Sunday, March 14, 2010

Slaying the Datum Shift Dragon

In the last few weeks, I believe I have made substantial improvements to the way datum shift information is derived from the EPSG dictionary for use in GDAL/OGR, PROJ.4 and related packages.

The EPSG database model supports having multiple datum shift options for a particular datum, such as "Potsdam Rauenberg 1950 DHDN" to get to WGS84. This reflects the reality that datum conversion is often an approximation for which there may be multiple reasonable solutions. Often different datum shift parameters are appropriate depending on the sub-region of the datum being used.

Many other coordinate system dictionary models and GIS systems do *not* provide for a multiplicity of datum shift options. For instance, the OGC Well Known Text representation of a coordinate system only allows for one TOWGS84[] clause indicating the preferred mapping to WGS84. This is also true of many software packages, including those based on PROJ.4 and it's epsg based dictionary.

In the past, the code I had implemented for translating the epsg database to a dictionary format assumed that datum shift parameters should only be carried into the dictionary if there was one, and only one shift available in the EPSG database. I took this approach because it seemed very dangerous to arbitrarily select one of several possible datum shifts without any intrinsic knowledge about which was most appropriate. I depending on users seeing that no datum shift was available in the default translation and taking this to mean that they had to do some research to establish what was most appropriate for them.

Predictably, the real result was massive confusion and complaints. At one time if there was no datum shift available, PROJ.4 would just do a transformation based on the change of ellipsoid which was often a very poor choice. So in PROJ 4.6.0 I altered the code not attempt any datum shift transformation if either or both of the source and destination coordinate system lacked datum shift information.

While this got rid of one family of errors, it also triggered lots of additional frustration and confusion. Part of this was just because there was a change of behavior. But it was also pushing people a bit harder to determine the appropriate datum shift and they did not like having to do this.

So, at last, I have taken the plunge and reworked the scripts used to translate the EPSG dictionary so that they attempt to pick one shift if there are several available. I follow a few heuristics in this effort.

1) I discard any datum shifts marked as deprecated.

2) I examine the supersession table to identify any datum shifts that have been superceeded by newer forms and ignore the superceeded forms.

3) I try to pick the datum shift with the larges "area of use" region under the assumption that it will likely be the broad use shift rather than a shift only applicable in a small area.

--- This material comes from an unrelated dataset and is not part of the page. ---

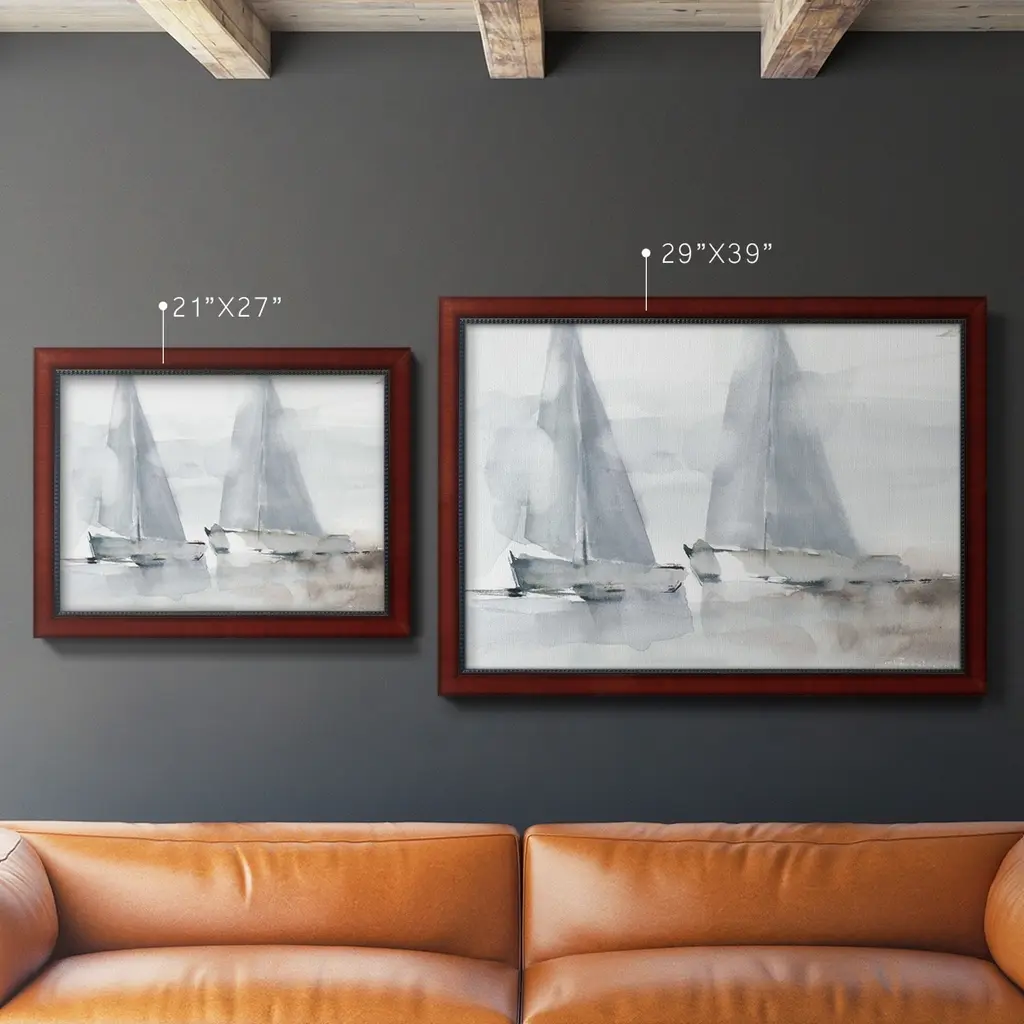Misty Sails I Premium Framed Canvas- Ready to Hang A Premium Framed Canvas created to last. Framed in distressed wood and available in an array of sizes and colors Featuring a beveled a solid wood stretcher bar, each piece comes ready to hand 3 SIZES AVAILABLE 16''X20'' - Overall Size 18'X27'' - Overall Size 24''x36'' - Overall Size Each piece is made to order. Each piece comes with hanging hardware. Made in the USA Ready to Hang Giclee Paper Print Acrylic Glass Beveled Matt Board

4) I examine the datum_shift_pref.csv file to see if there is a user supplied preferred datum shift to use. If so, I use that.

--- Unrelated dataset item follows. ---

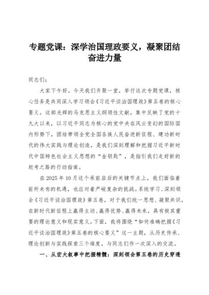 / 【七哥公文】2025年:专题党课:深学治国理政要义,凝聚团结奋进力量+更多免费公文+VX:QiGeGongWen2024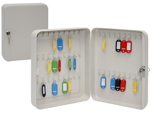 In lamiera pesante verniciata a forno, finitura a buccia dâarancia, con cilindro di sicurezza a chiusura a gancio sul frontale . 20 posti: 20x16x7 cm.

The result of all this is a datum_shift.csv file which includes all the datum shifts, with one of them marked as preferred. That preferred version goes into the gcs.csv file for use with the associated geographic coordinate system.

This seems to be working reasonable well, and I did a big pass through open tickets in GDAL, libgeotiff and PROJ.4 to find outstanding datum shift issues. I believe that the bulk are now resolved.

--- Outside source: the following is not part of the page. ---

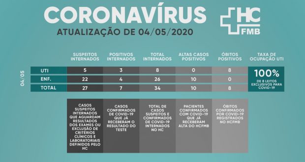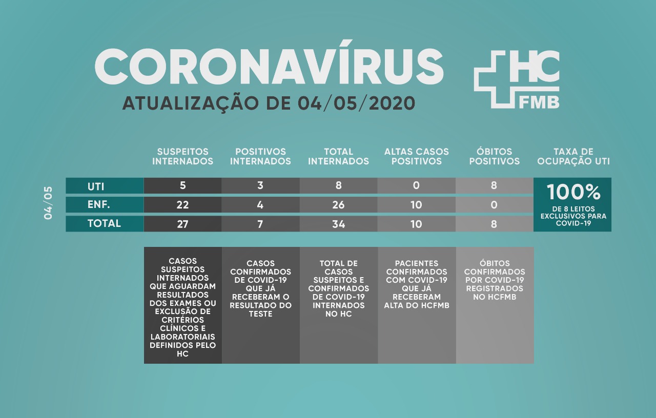 Sendo assim, o HCFMB tem até a data de hoje 8 leitos de UTI para o tratamento de casos de COVID-19 e, a partir de hoje, passará a divulgar diariamente sua taxa de ocupação, conforme tabela em anexo.

Currently GDAL, and the PROJ.4 dictionary are just using the preferred datum shift. But the intention of keeping the datum_shift.csv file with all the possible shifts for any given GCS is that savvy applications could let the user choose. Also, my hope is that an each mechanism will be added in the future so that users can alter the preferred setting in the datum_shift.csv file, and then have the gcs.csv regenerated. That waits to be done.

I'm also fixing a few other issues in the coordinate system realm including support for axis orientation (ie. South Orientated Transverse Mercator) and fixing a few other translations. I'd like to thank INGRES who have supported this work as part of an effort to bring top notch coordinate system support into the INGRES geospatial project. I'd also like to thank Jan Hartmann, and Mikael Rittri who assisted with suggested approaches, and verification of the results.